Chasing Portraits is a nonfiction memoir that chronicles an American woman's emotional journey to find the lost art of her Polish-Jewish great-grandfather. The lost artwork's creator, Moshe Rynecki, was a painter and art supply storeowner who depicted everyday moments in his Jewish community leading up to World War II. When he and his family was taken to the ghetto, and ultimately, to the Majdanek concentration camp where he was killed, he left nearly 800 paintings and sculptures with trusted neighbors and friends. With the help of historians, curators, and three generations of the author’s family, Elizabeth Rynecki delves into a yearlong project to triumph over hatred and loss via the discovery of art and family.

5 . The Bee and the Acorn by Paula Wallace

Paula Wallace’s memoir tells the story of an ambitious woman who wanted to reform higher education for design and the arts… and did! As the founder and president of the Savannah College of Art and Design (often referred to by its acronym, SCAD), Wallace recounts her journey to the southern coastal city of Savannah, where over the course of 40 years, she turned a lofty idea into one of the largest and best-known art-and-design universities in the world, with three international locations and an online school to boot. With the risk of coming off as an advertisement for SCAD, this trailer offers a preview of this inspirational memoir.

6. Trying to Float: Coming of Age in the Chelsea Hotel by Nicolaia Rip

It’s no wonder the Chelsea Hotel continues to inspire writers and artists, having housed some of the best and well-known personalities in the field. Becoming famous in the late '60s and '70s as a hub for larger-than-life stars like Jackson Pollack , Robert Mapplethorpe , Patti Smith, Andy Warhol , Bob Dylan, Sid Vicious, and many others, the legendary Chelsea Hotel sets the stage for this darkly comic memoir by a resident of the hotel today. An awkward yet sophisticated girl struggling to find her place in a cliquish public school, author Nicolaia Rip was born in 1999 yet has the wisdom and insight of an old soul. (That’s not a typo... Rips is, in fact, currently 17-years-old.) This coming-of-age story is a breezy read and offers a fresh perspective on a storied narrative.

7. Diane Arbus: Portrait of a Photographer by Arthur Ludlow


Okay, we’ll admit this recommendation doesn’t fit our list’s criteria for memoirs and novels, but we couldn’t possibly leave out this definitive biography of one of the most influential photographers of our time, Diane Arbus —particularly since a magisterial new show of early work just opened at the Met Breuer . Arbus’s poignant photographs are evidence of this courageous artist’s extraordinary life, which biographer Arthur Ludlow brings into vivid clarity with previously unpublished letters and exclusive interviews with Arbus’s friends, lovers, and peers.
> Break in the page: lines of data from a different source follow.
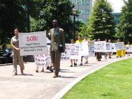 我们早上在杰佛逊大学公园里炼功,这是除纽约中心公园外,美国最大的公园了。她使我想起旧金山的金门桥公园,十分宽阔,而且还有博物馆,大会厅等等。今天是此行第一次我们做了完整的两个小时的动功和静功,我们都感到轻松愉快。祥和的炼功场面和醒目的横幅吸引着过往的行人和车辆,汽车为了看清楚我们的横幅和伸手要我们讲清真相的资料常常减速通过,有一个骑自行车的西方男士,特别过来向我们了解中国江泽民集团对法轮功学员迫害的真实情况。越来越多的美国人民开始对法轮功学员在中国的迫害情况表示关注。而我们开来的写有“紧急救援法轮功学员”字样的汽车则在市中心附近行驶,把我们的信息传递给这里的人民。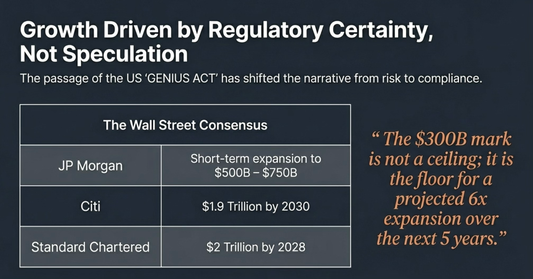 监管定调打开市场预期。这一增长不再受投机情绪驱动,而是由《GENIUS ACT》等法案带来的监管确定性支撑。美国 《GENIUS ACT》 等法案的实质性进展,让花旗、渣打、摩根大通等华尔街巨头达成了万亿级市值的长期共识。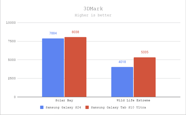 Even though not many people will buy this tablet for gaming, I ran 3DMark anyway, and it's Solar Bay and Wild Life Extreme tests. As you can see below, the Galaxy Tab S10 Ultra performed very well, with excellent results in both tests, proving that this tablet can run games with maximum ease. The only problem is its size, which makes it uncomfortable to hold in your hands when gaming.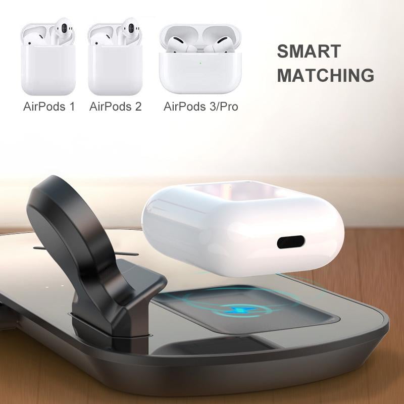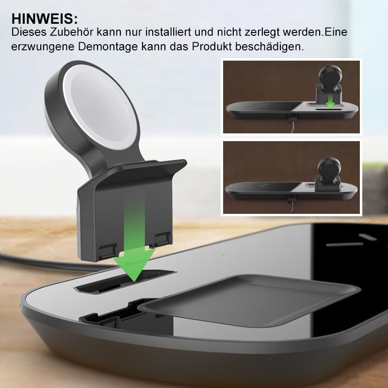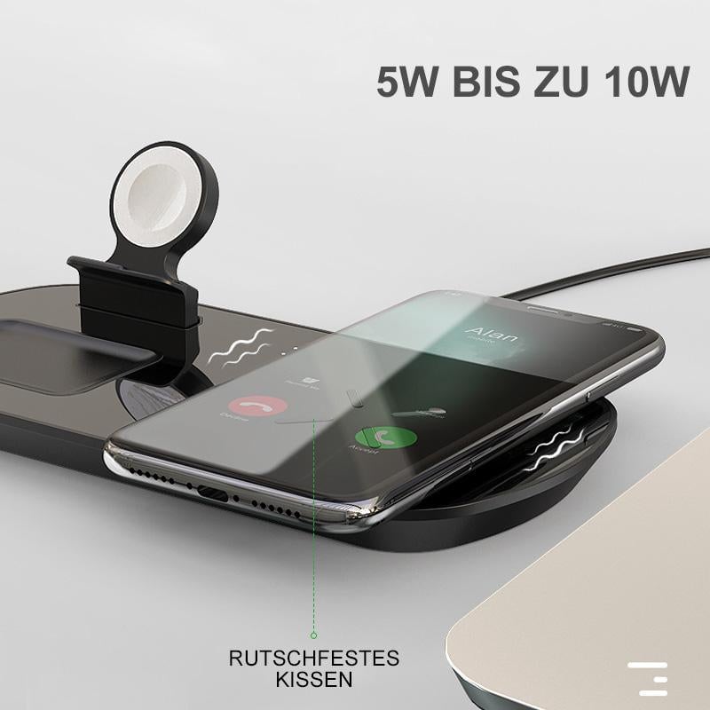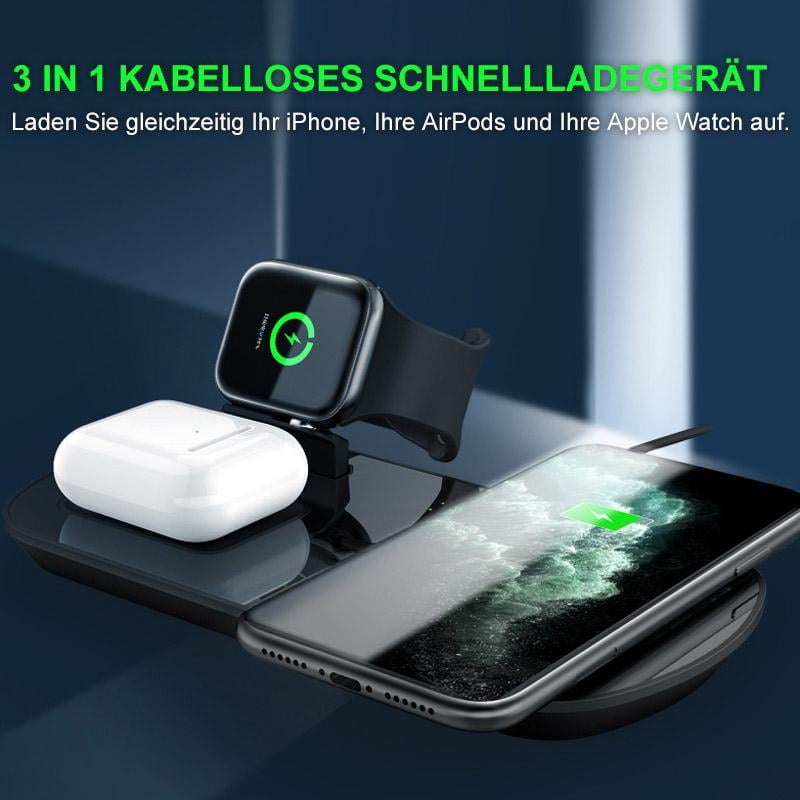 Laden Sie gleichzeitig drei Geräte drahtlos auf: Laden Sie gleichzeitig Ihr iPhone, Ihre AirPods und Ihre Apple Watch auf.
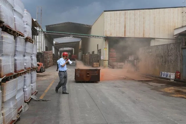 本次消防演練按照預定的方案,有序、緊張地進行。主要是應對柴油泄露、柴油火災或爆炸、叉車意外傷人等突發情況進行模擬教學演練。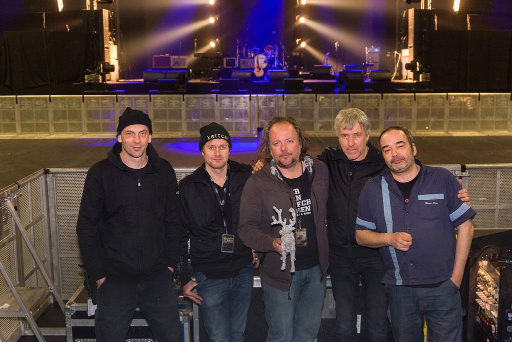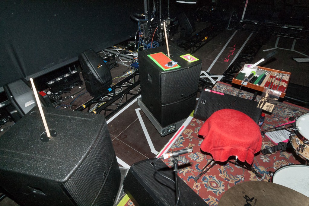 Die Zeilen wurden mit dem neuen Coda Flug-Bass SC3 verlängert, einen Sensor-kontrollierten Doppel-15er. Dieser koppelte im unteren Mittenbereich an und lieferte den gewünschten „KickBass“, um eine schöne Bassdrum zu bekommen. Für die unteren Bereiche sorgten Coda SCP-F (Sensor-controlled Doppel-18er-Subbässe). Überdies wurden 20 Elemente Coda ViRay eingesetzt – ein kleines Line-Array mit Doppel-8″, das je nach Venue als Out- und Delay-Hang eingesetzt werden konnte. Für die lange schmale Bochumer Jahrhunderthalle wurde daraus ein Mono-Delay, platziert über dem FOH-Platz. Als Front Fills wurden Coda G712 eingesetzt. „Diese Multifunktionsboxen mit einem 12-Zoll-Speaker besitzen ein 2-Wege-Mitten-/Hochtonsystem, das sehr gut funktioniert. Meine ganz persönliche Auffassung ist, dass dies besser arbeitet, als zwei ‚Scheiben‘ des VIRAY Line-Arrays hinzulegen“, erklärte Merten Wagnitz und begründete die Entscheidung: „Die Abstrahl-Charakteristik der G712 erscheint weniger eng gefasst zu sein und man hat nicht das Gefühl, dass dich der Sound anschreit, wenn man über die Achse des Systems geht. Wir haben die G712 hier erstmals an dieser Position ausprobiert und ich würde es zukünftig wieder so machen. Der Innenraum klingt richtig super. Diese Lösung liefert einen weniger, anschreienden‘ Klangeindruck, den man bei kleinen Line-Arrays sonst schon mal hat. Wir spielen ja keine Festivals mit einem 4 m breiten Graben vor der Bühne.“ Als Side Fills wurden wie schon auf den Tourneen zuvor Nexo Alpha Fullstack Einheiten eingesetzt: Nexo Alpha B1 S2 und M3. Um eine homogene Bass-Entwicklung zu erreichen, wurden jeweils zwei Doppel-18er SCP-F übereinander vor der Bühne aufgestellt. Alle Einheiten wurden omnidirektional betrieben. „Dadurch bekam die Band ein bisschen Backfire auf der Bühne und empfand das als durchaus positiv. Genau das hatte ihnen bei Line-Arrays mit Cardiobässen bisher gefehlt.“ Insgesamt sechs Elemente des Sub-Arrays wurden auf der Länge von 12 m vor der Bühne verteilt und die benötigten Winkel-Delays jeden Abend in Abhängigkeit der örtlichen Gegebenheiten neu errechnet.

A must-read for Arbus fans, aspiring photographers, or really anyone with an appreciation for strong-willed originality, Diane Arbus: Portrait of a Photographer promises to inspire and delight.

8. Georgia by Dawn Tripp

A new book about Georgia O’Keefffe, probably the most famous—and most written-about—female artist of the 20th century, seems like it would be unavoidably cliché. But somehow, Georgia ’s author, Dawn Tripp, has managed to write a novel spanning the adult life of O’Keeffe, narrated by the artist herself, in an original way that breaths new life into the famous relationship between the painter and photographer Alfred Stieglitz.

9. The Weeping Woman by Zoé Valdés

Picasso was a lot of things—but none of those things was being a good boyfriend. In this novel speculatively narrated by Dora Maar, the Surrealist photographer who acted as Picasso’s muse for a decade before he left her for Françoise Gilot, The Weeping Woman is an intelligent and funny read. Following Maar's mysterious life after Picasso, the narrative weaves in and out of present and past, tethered to her 1958 trip to Venice with writer James Lord and his former lover, Bernard Minoret.